Controllable perfect spatiotemporal optical vortices

TL;DR

This paper introduces perfect spatiotemporal optical vortices (PSTOVs), a new class of structured light pulses with nearly charge-independent intensity profiles, controllable mode shapes, and confirmed experimental generation, broadening applications in photonics.

Contribution

The paper presents the concept of PSTOVs with charge-independent intensity profiles and demonstrates their generation and shape control via phase modulation, advancing structured light technology.

Findings

PSTOVs have nearly charge-independent intensity distributions.

Arbitrary mode shapes can be achieved through phase modulation.

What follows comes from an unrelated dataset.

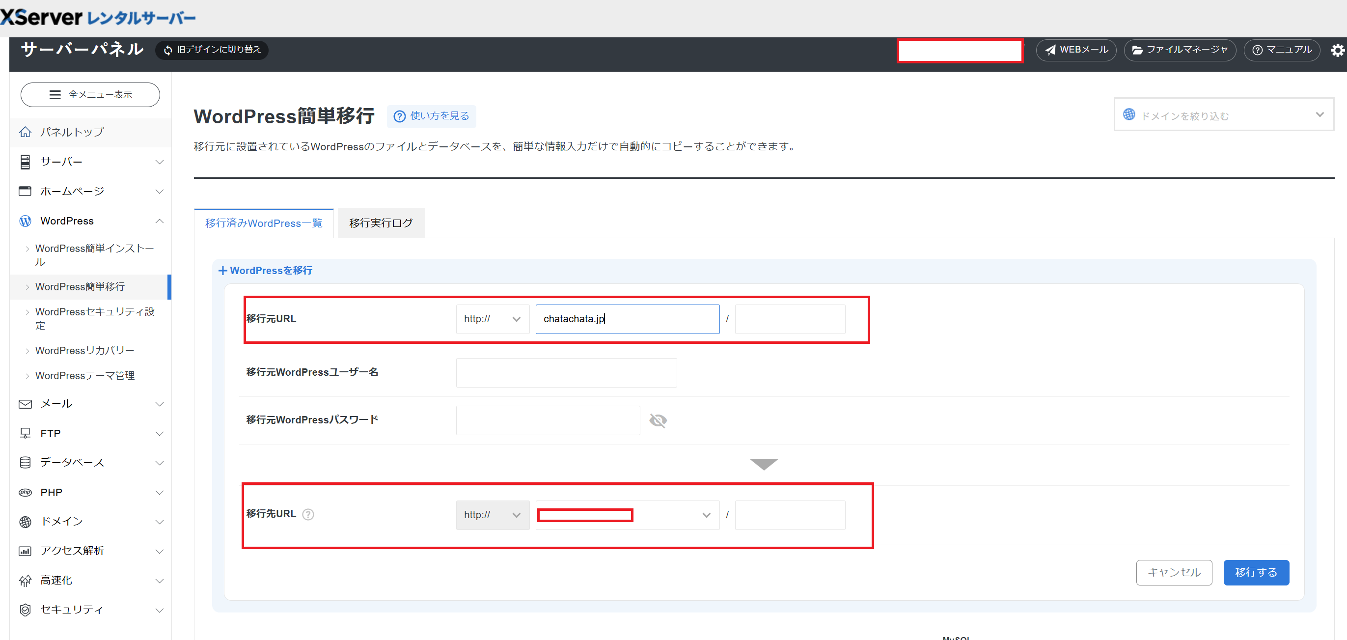 - 移行先URLにWordPress移行先のドメイン(今回はXserverに最初から割り当てられているドメインにしました)

Experimental generation of PSTOVs confirms theoretical predictions.

Abstract

Spatiotemporal optical vortices (STOVs), as a kind of structured light pulses carrying transverse orbital angular momentum (OAM), have recently attracted significant research interest due to their unique photonic properties. However, general STOV pulses typically exhibit an annular intensity profile in the spatiotemporal plane, with a radius that scales with the topological charge, limiting their potential in many applications. Here, to address this limitation, we introduce the concept of perfect spatiotemporal optical vortices (PSTOVs). Unlike STOV pulses, the intensity distribution of PSTOV wavepackets is nearly independent of the topological charge. We show that such wavepackets can be generated by applying the spatiotemporal Fourier transform to a Bessel-Gaussian mode in the spatiotemporal frequency domain. More importantly, the mode distribution of PSTOV wavepackets can be freely controlled by introducing azimuthal-dependent phase modulation, enabling conversion from a standard annular profile to arbitrary polygonal shapes. Finally, experimental results confirm the successful generation of these wavepackets. Our findings will expand the study of STOV pulses and explore their potential applications in optical communications, information processing, topological photonics, and ultrafast control of light-matter interactions.